The Politico looks at Joe Biden’s new chief of staff and observes that the prohibition against employing lobbyists and persons with industry interests in the new administration actually applies only if the lobbyists are directly employed on issues with which they were formerly concerned. If they’re in the next room, it’s ok. Fannie Mae’s friends live on but in other settings.
After leaving the Clinton administration in its waning months, newly tapped Vice Presidential chief of staff Ron Klain lobbied for an asbestos industry bailout package, an airline merger, mortgage regulations to help Fannie Mae and a drug-maker under congressional scrutiny for withholding life-saving drugs from dying patients, among other clients.
Klain’s career as a lobbyist, during which clients paid nearly $700,000 for lobbying in which he participated, ended when he left his partnership at the law firm O’Melveny & Myers in 2005.
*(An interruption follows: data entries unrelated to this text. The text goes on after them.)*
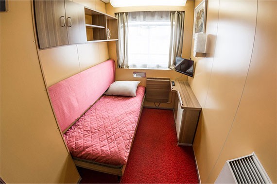 Одноместная каюта со всеми удобствами, расположенная на шлюпочной палубе. В каюте: кровать, шкаф, стол, настенная полка, холодильник, ванная комната (раковина, душ, туалет), радио, кондиционер, телевизор с кабельным и спутниковым вещанием, фен, плед, щетка для одежды, розетки 220 V, обзорное окно.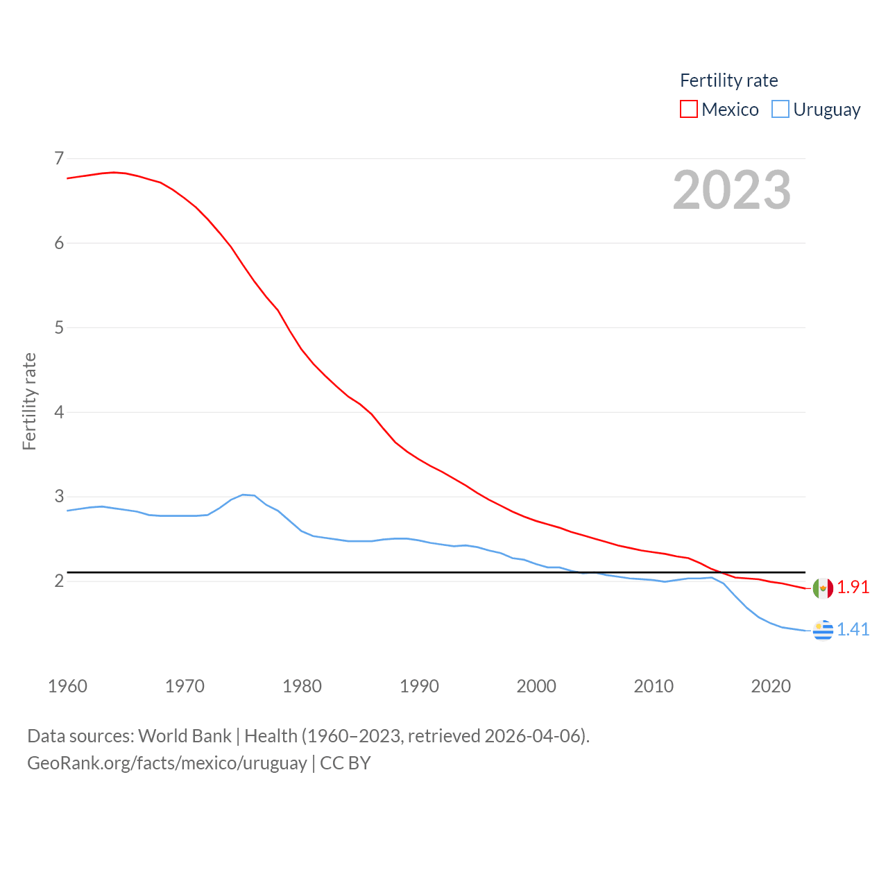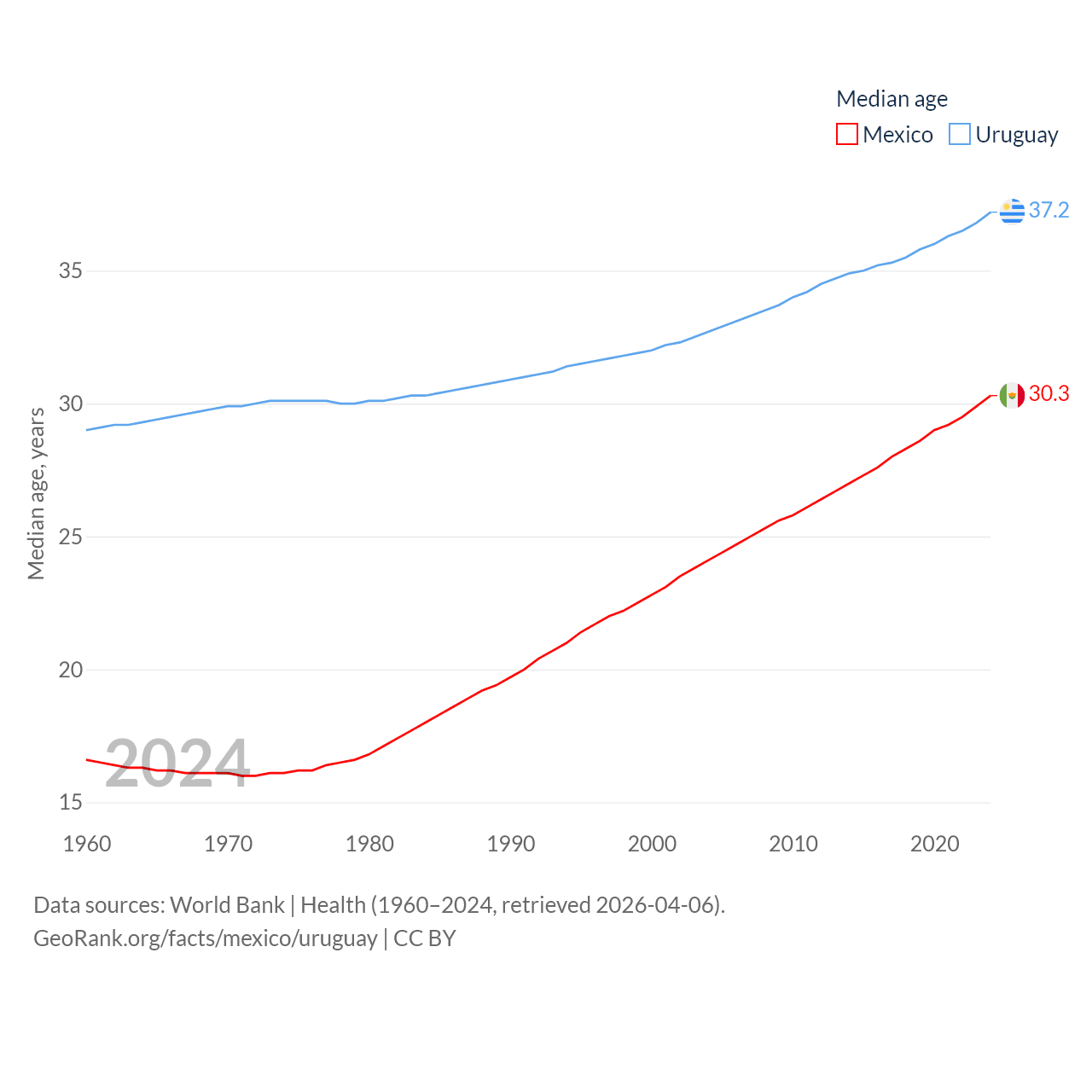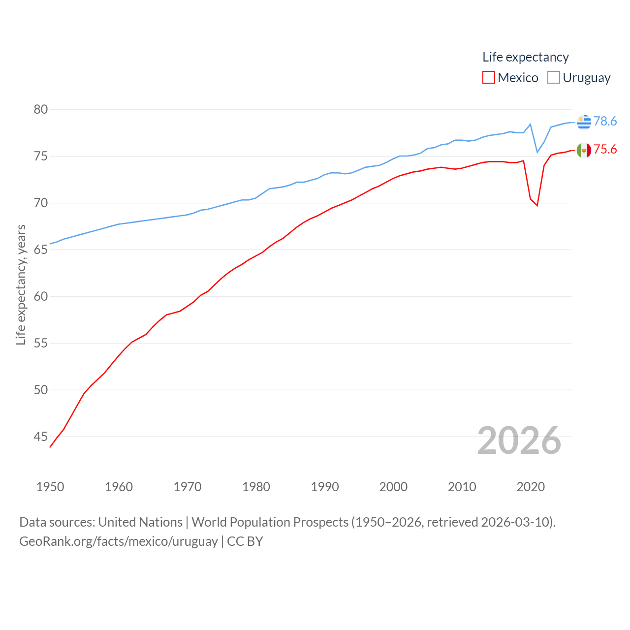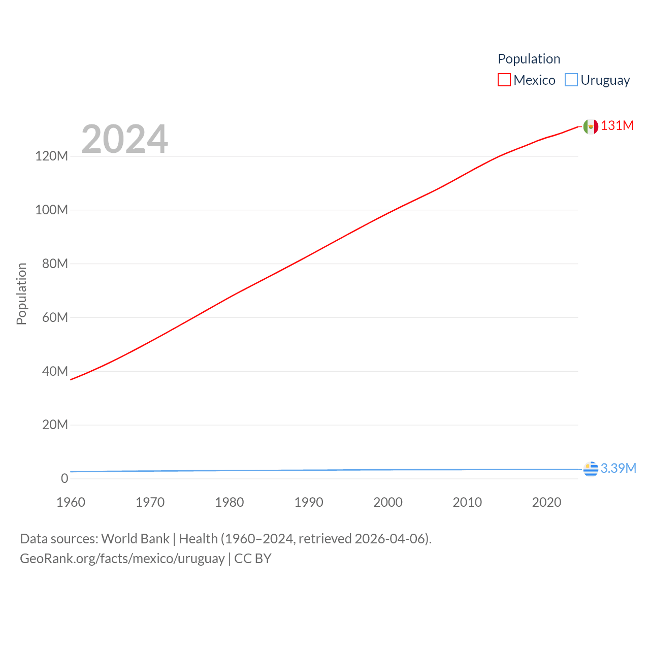 Mexico has a population of 131M (ranked 11/197), compared with 3.39M in Uruguay (ranked 133/197). Mexico's land area is 750,563 sq mi versus 67,576 sq mi for Uruguay (ranked 13th vs. 89th).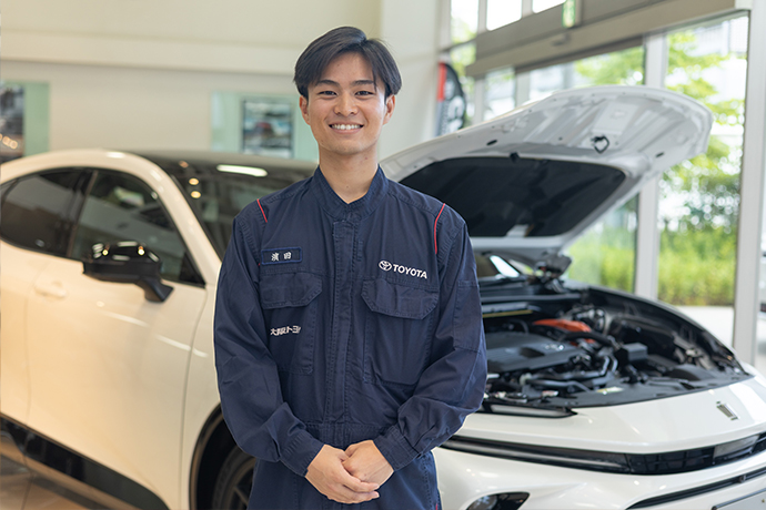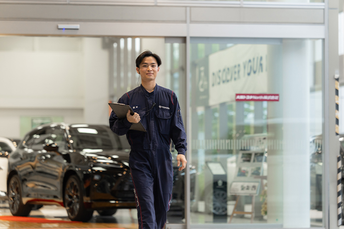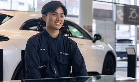 専門学校で部品名称や整備作業などの知識を身に付けてきたつもりでしたが、詳しいことまでわからず、店舗配属当初はお客様に聞かれても答えることができませんでした。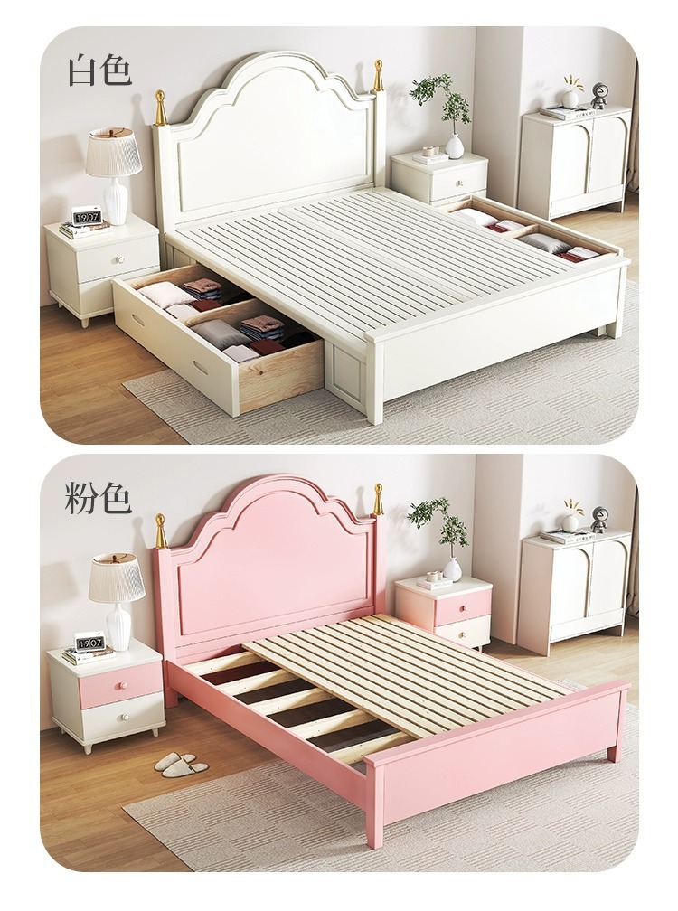 크림 스타일 목가적 인 스타일 현대 간단한 전체 단단한 나무 침대 작은 아파트 1.8m 북유럽 흰색 공주 더블 침대 마스터 침실

That makes him eligible to be the top aide to Vice President-elect Joe Biden under the rules outlined by President-elect Barack Obama, who decreed early in his campaign that lobbyists can work in his administration — just not in areas related to their lobbying within two years of that lobbying.
“This is the strongest ethics and lobbying reform policy in history,” asserted Obama transition spokesman Tommy Vietor. …
From 2002 through 2005, the now-failed mortgage lender Fannie Mae paid as much as $120,000 for an O’Melveny team, including Klain, to lobby Congress and the Housing and Urban Development Department on “regulatory issues.”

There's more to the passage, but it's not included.